- _Problem requirements_
Would you copy every record exactly as it stands and drop the pictures?

══════════

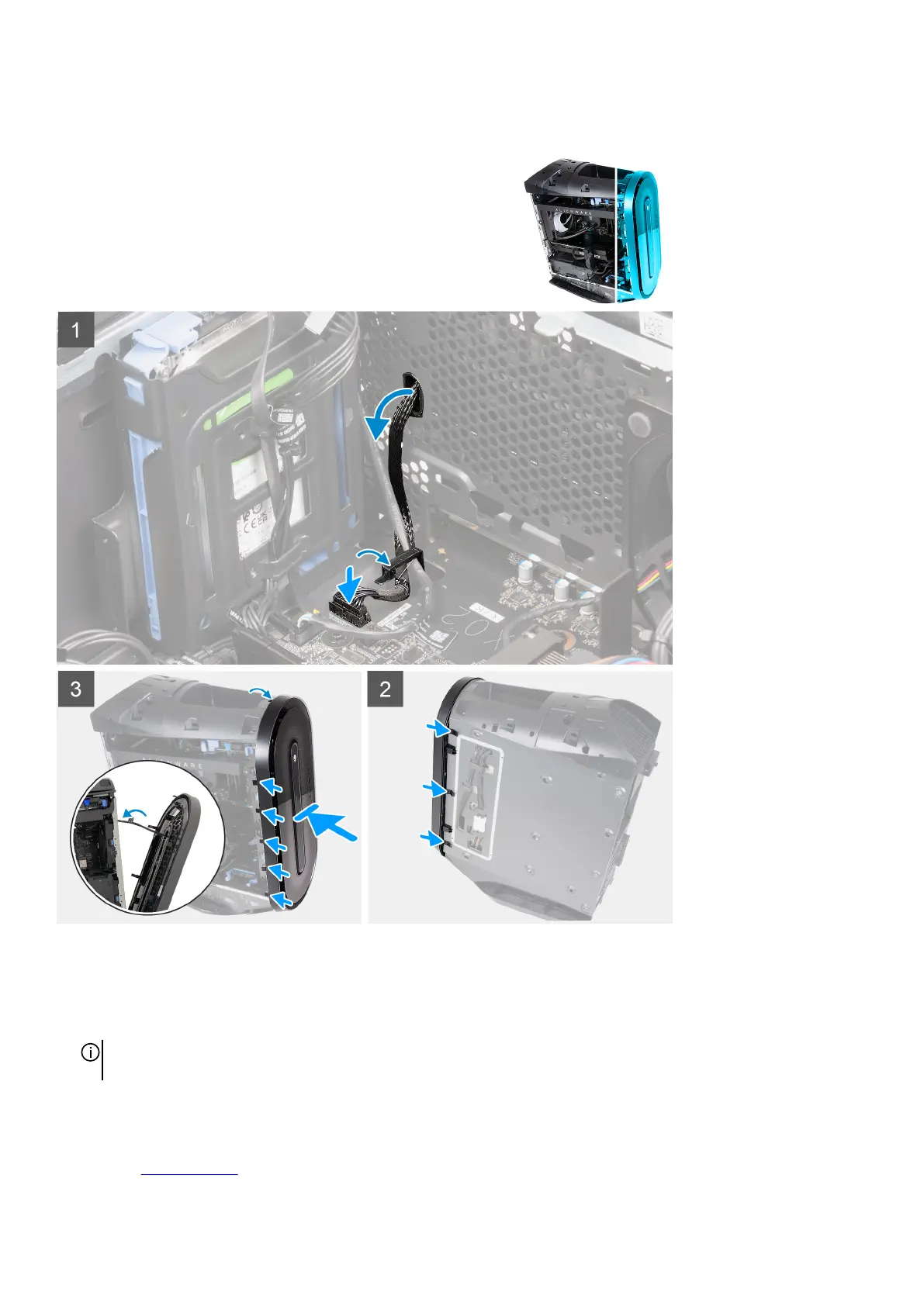 3. Push the front bezel towards the front panel and ensure the tabs clip onto the slots of the front panel.
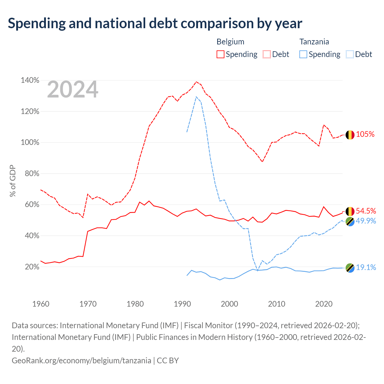Belgium has $703B in government debt (104.7% of GDP), compared to $39.3B (49.9% of GDP) in Tanzania.
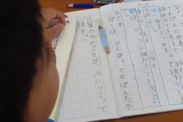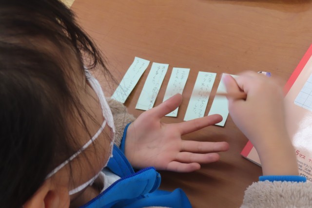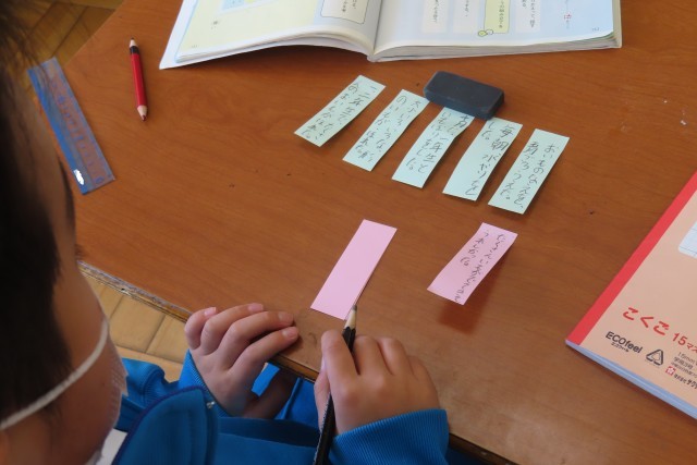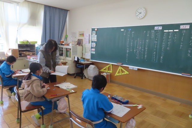 「楽しかったよ、二年生」の学習に入りました。「ここでは」発表の組み立てを考えることを学習します。テーマは2年生としてのこの1年間を振り返って特に思い出に残っていることについてです。かけ算九九をがんばったこと、いもほりのこと、学習発表会のこと。3人それぞれが自分の心の中に強く残っている思い出を文章に表現します。2年生なりに分かりやすく伝えるにはどうしたらいいか?「これまで」の学習をフル活用して頑張ります!
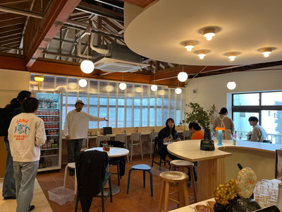 ちょうど、チョークボーイとして活動し始めた頃はインスタが普及した時期と重なる。画像SNSで、飛躍的に拡散され、その活動が注目され、いろんな話が舞い込んで、瞬く間に軌道に乗っていった。SNSというデジタルなツールを武器にアナログな描き文字を売るビジネスモデルだ。あちこちに出張することの多いビジネスでもあるが、このタイミングで、カフェというリアルな拠点を構えたのは、何を隠そう、「カフェが楽しい!」かったからに他ならない。その楽しい記憶は、すべて弊社のカフェで体験し、学んで感謝している、と本人も呟いている。
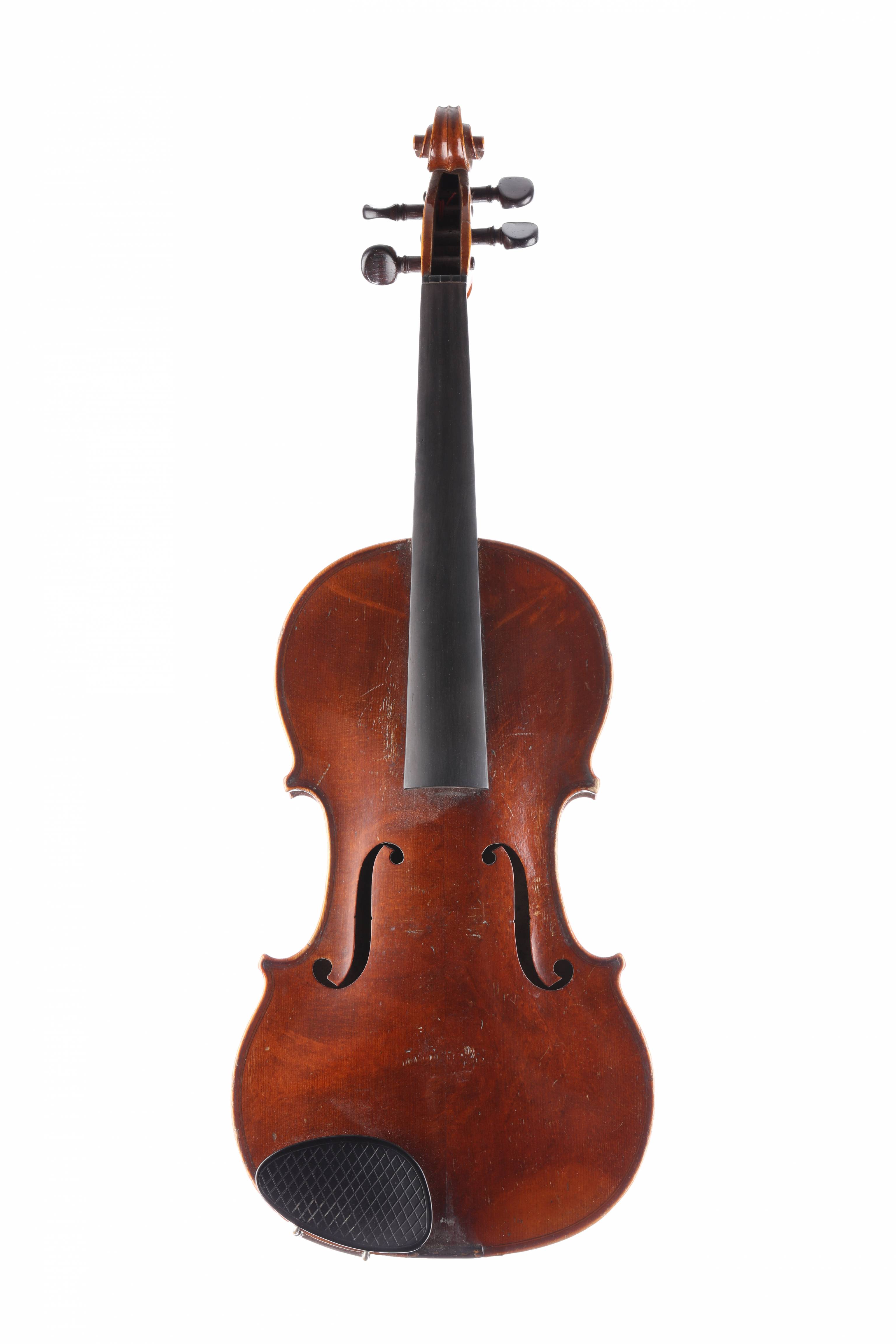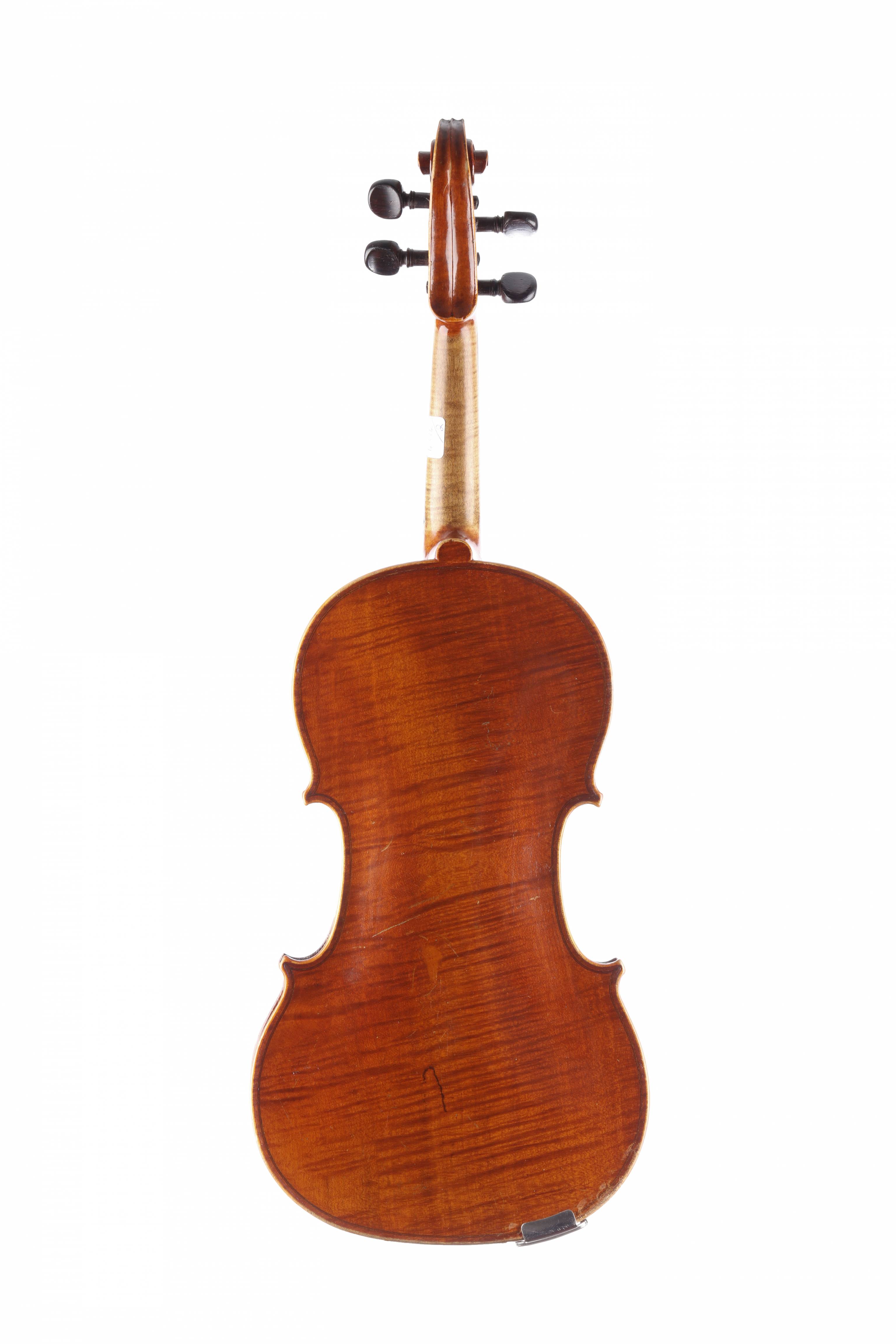 portant une étiquette "Nicolas Bertholini". Beau fond d'une pièce en érable. Vernis brun orangé sur fond doré. 361 mm.

══════════

- _Response for this exercise_
 3. Push the front bezel towards the front panel and ensure the tabs clip onto the slots of the front panel.
Belgium has $703B in government debt (104.7% of GDP), compared to $39.3B (49.9% of GDP) in Tanzania.
 「楽しかったよ、二年生」の学習に入りました。「ここでは」発表の組み立てを考えることを学習します。テーマは2年生としてのこの1年間を振り返って特に思い出に残っていることについてです。かけ算九九をがんばったこと、いもほりのこと、学習発表会のこと。3人それぞれが自分の心の中に強く残っている思い出を文章に表現します。2年生なりに分かりやすく伝えるにはどうしたらいいか?「これまで」の学習をフル活用して頑張ります!
 ちょうど、チョークボーイとして活動し始めた頃はインスタが普及した時期と重なる。画像SNSで、飛躍的に拡散され、その活動が注目され、いろんな話が舞い込んで、瞬く間に軌道に乗っていった。SNSというデジタルなツールを武器にアナログな描き文字を売るビジネスモデルだ。あちこちに出張することの多いビジネスでもあるが、このタイミングで、カフェというリアルな拠点を構えたのは、何を隠そう、「カフェが楽しい!」かったからに他ならない。その楽しい記憶は、すべて弊社のカフェで体験し、学んで感謝している、と本人も呟いている。
 portant une étiquette "Nicolas Bertholini". Beau fond d'une pièce en érable. Vernis brun orangé sur fond doré. 361 mm.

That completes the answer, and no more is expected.